L’analisi statistica, in tutte le rilevazioni, ha dimostrato una stabilizzazione della malattia. Dopo 48 mesi di follow-up, lo stadio FAP e la classe PND erano disponibili in 31 pazienti: lo stadio della polineuropatia amiloide familiare (FAP) era rimasto stabile in 25 pazienti (l'80,6%), mentre la classe di disabilità della polineuropatia (PND) era stabile in 22 soggetti su 31 (il 70,9%), e in un caso è addirittura migliorata.

Dopo quattro anni, dunque, la maggior parte dei pazienti ha mostrato punteggi stabili o migliorati in tutte le scale utilizzate. Questi dati confermano quelli ottenuti negli studi clinici su patisiran APOLLO e Global OLE, considerando un periodo di osservazione di oltre due anni, e anche gli eventi avversi correlati al farmaco si sono rivelati simili a quelli già noti, ovvero di lieve intensità, per lo più reazioni nel sito di iniezione; inoltre non sono emersi nuovi segnali di sicurezza.

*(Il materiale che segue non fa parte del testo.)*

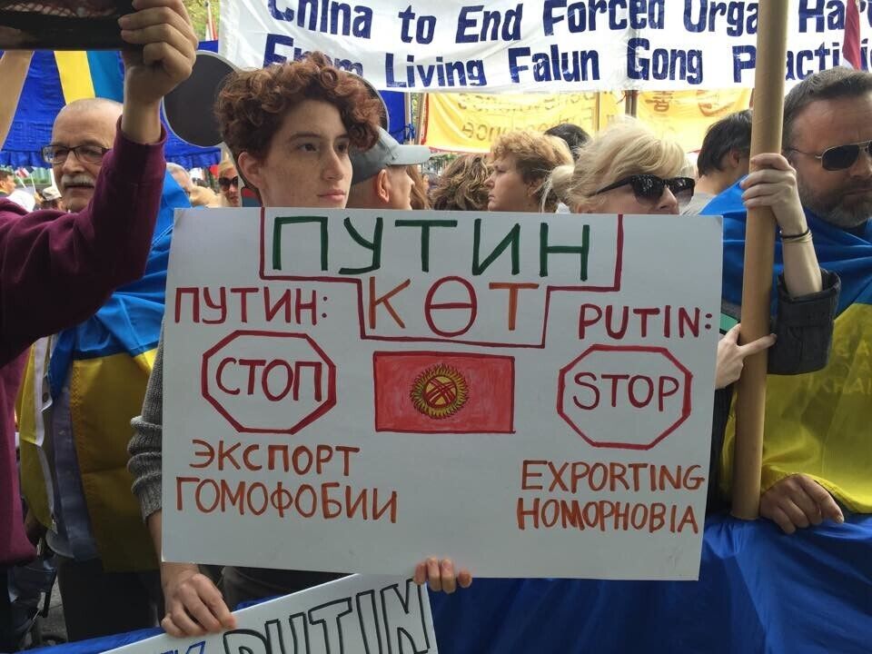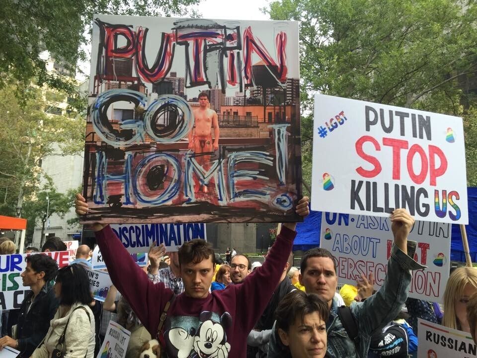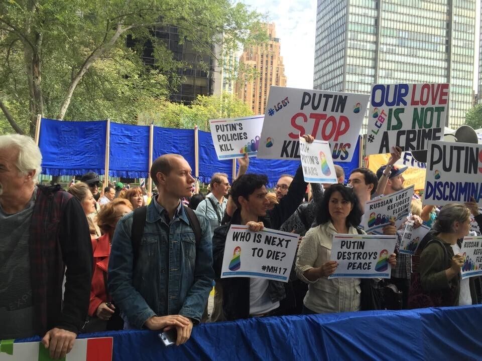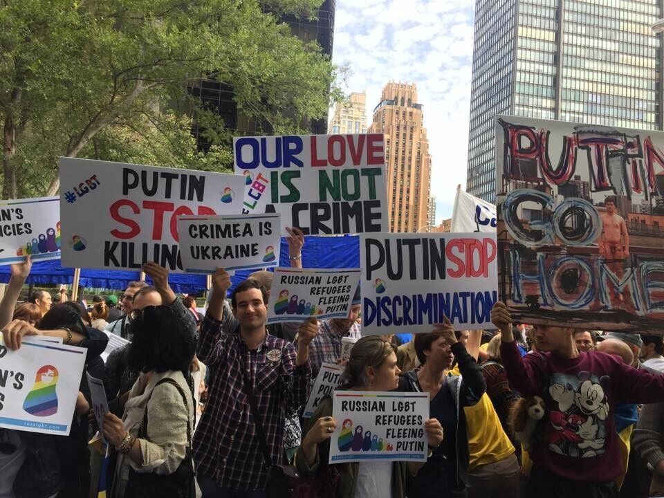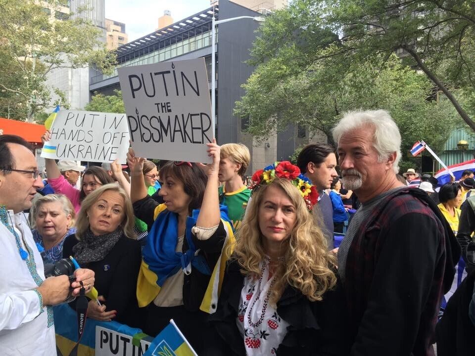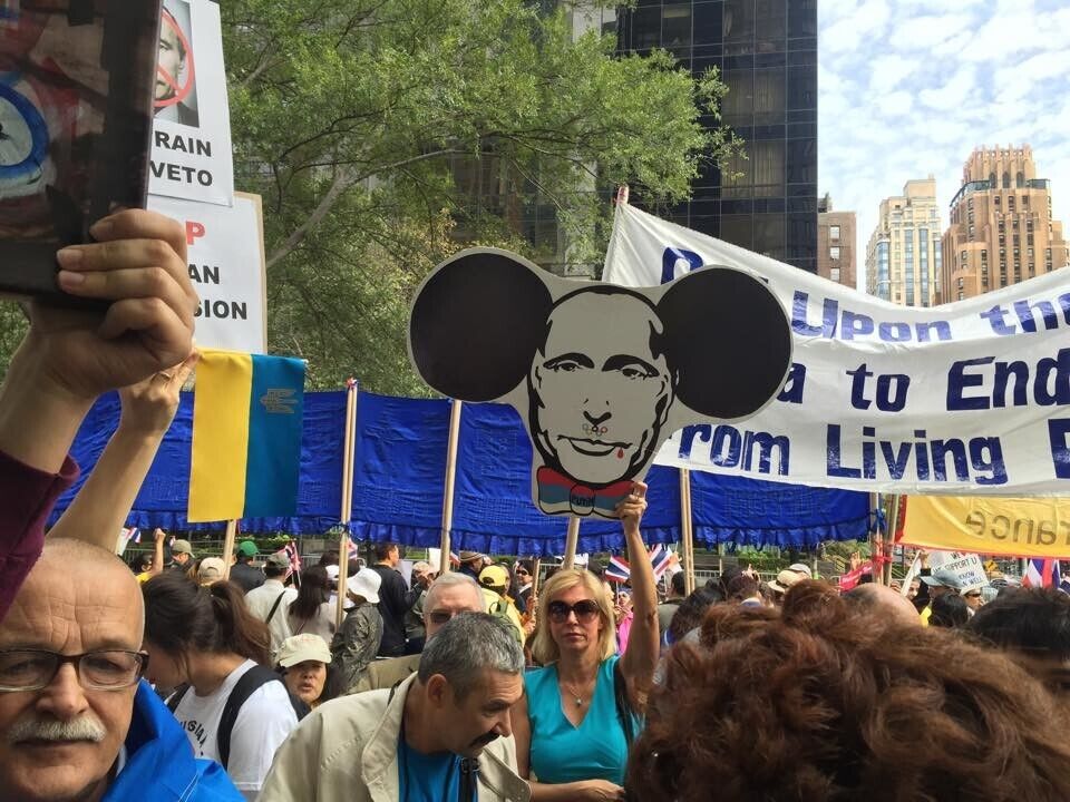 27 сентября в Нью-Йорке состоялся митинг против политики российского президента Владимира Путина. Среди лозунгов и требований участников акции – освобождение политзаключенных, восстановление суверенных границ, международный трибунал по крушению MH17, призыв к прекращению экспансионистской войны Путина.
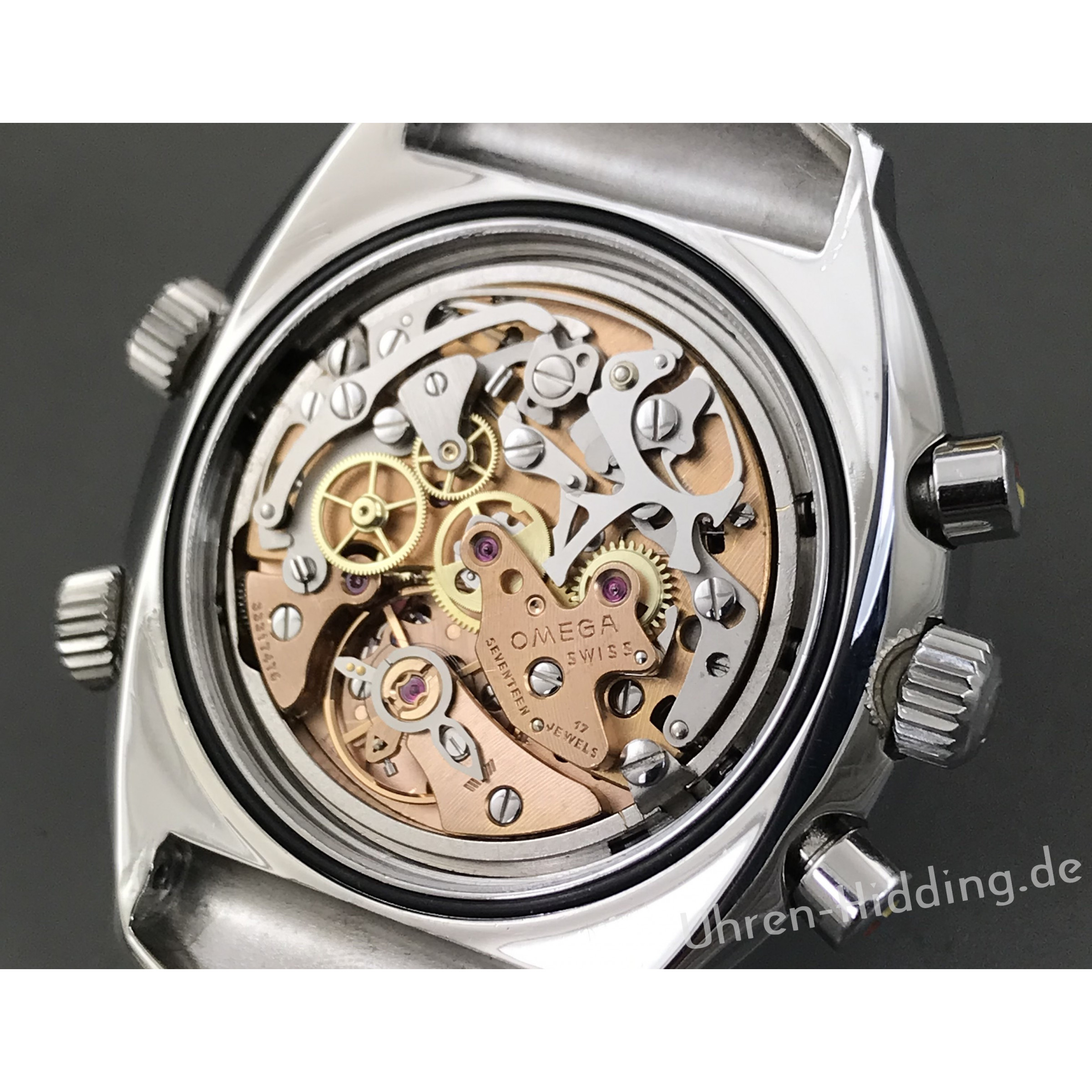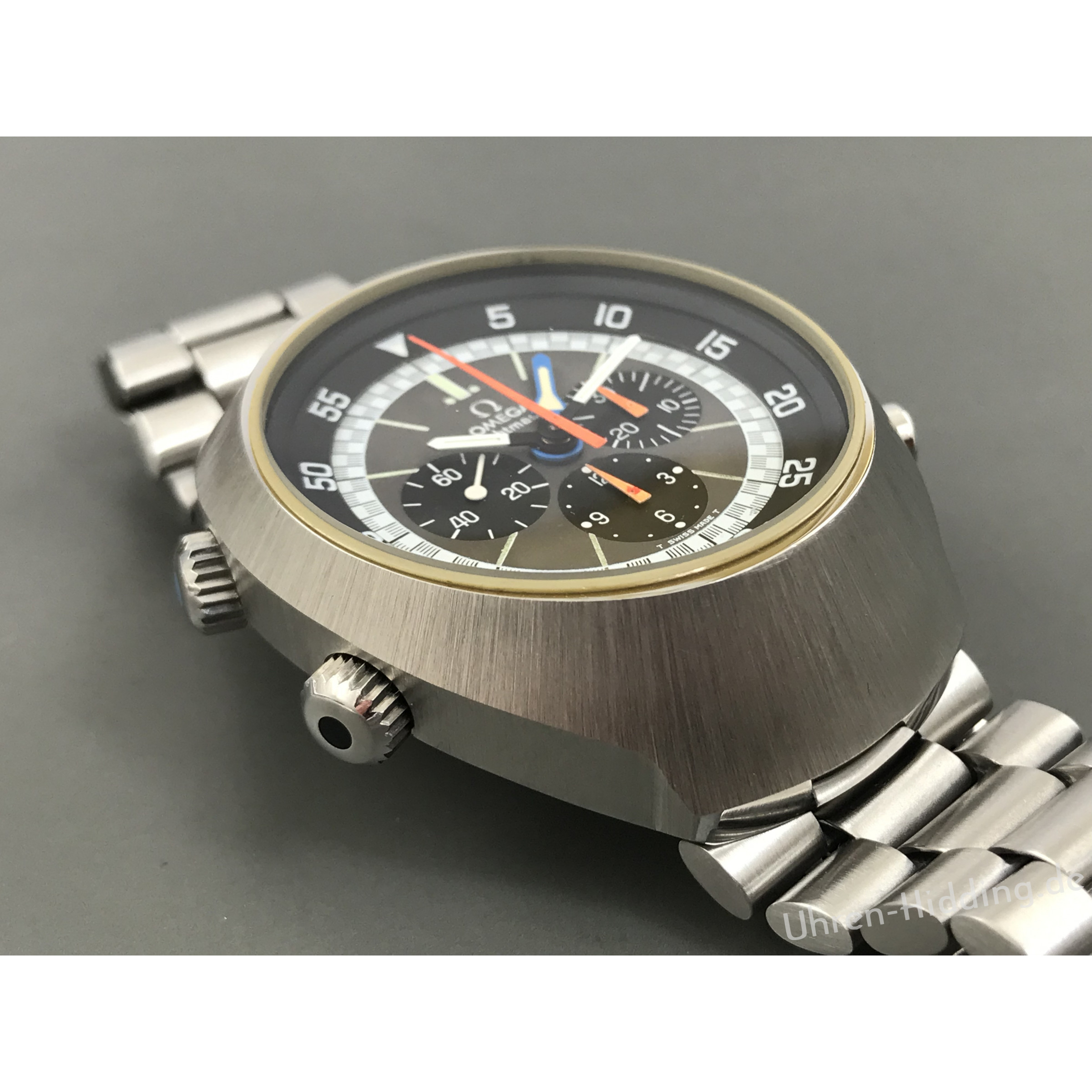 Omega FlightmasterRef. 145.036um 1971tonneauförmiges Stahlgehäuse und StahlbandWerk: rotvergoldetes Werk, Cal. 911, 17 Jewelsvierschenkelige monometallische Unruh, FlachspiraleExcenter-FeinregulierungGehäusedurchmesser: ca. 43mm

In alcuni pazienti è stato osservato anche un miglioramento dello stato neurologico: nel 19,4% dei pazienti il punteggio di compromissione della neuropatia (NIS) è migliorato di almeno 2 punti rispetto al basale. “Nella nostra popolazione, patisiran ha dimostrato di essere in grado di arrestare il deterioramento autonomico”, scrivono i ricercatori. Lo studio, secondo gli autori, ha molti punti di forza e alcune limitazioni. “Fra i primi c'è sicuramente il contesto 'real-world', che consente una valutazione realistica dell’efficacia di patisiran in una popolazione di studio relativamente ampia e con un lungo follow-up”, sottolineano. “Fra le seconde, invece, c'è il disegno retrospettivo, che comporta la possibilità di bias legati alla registrazione dei dati e al numero limitato degli elementi analizzati”.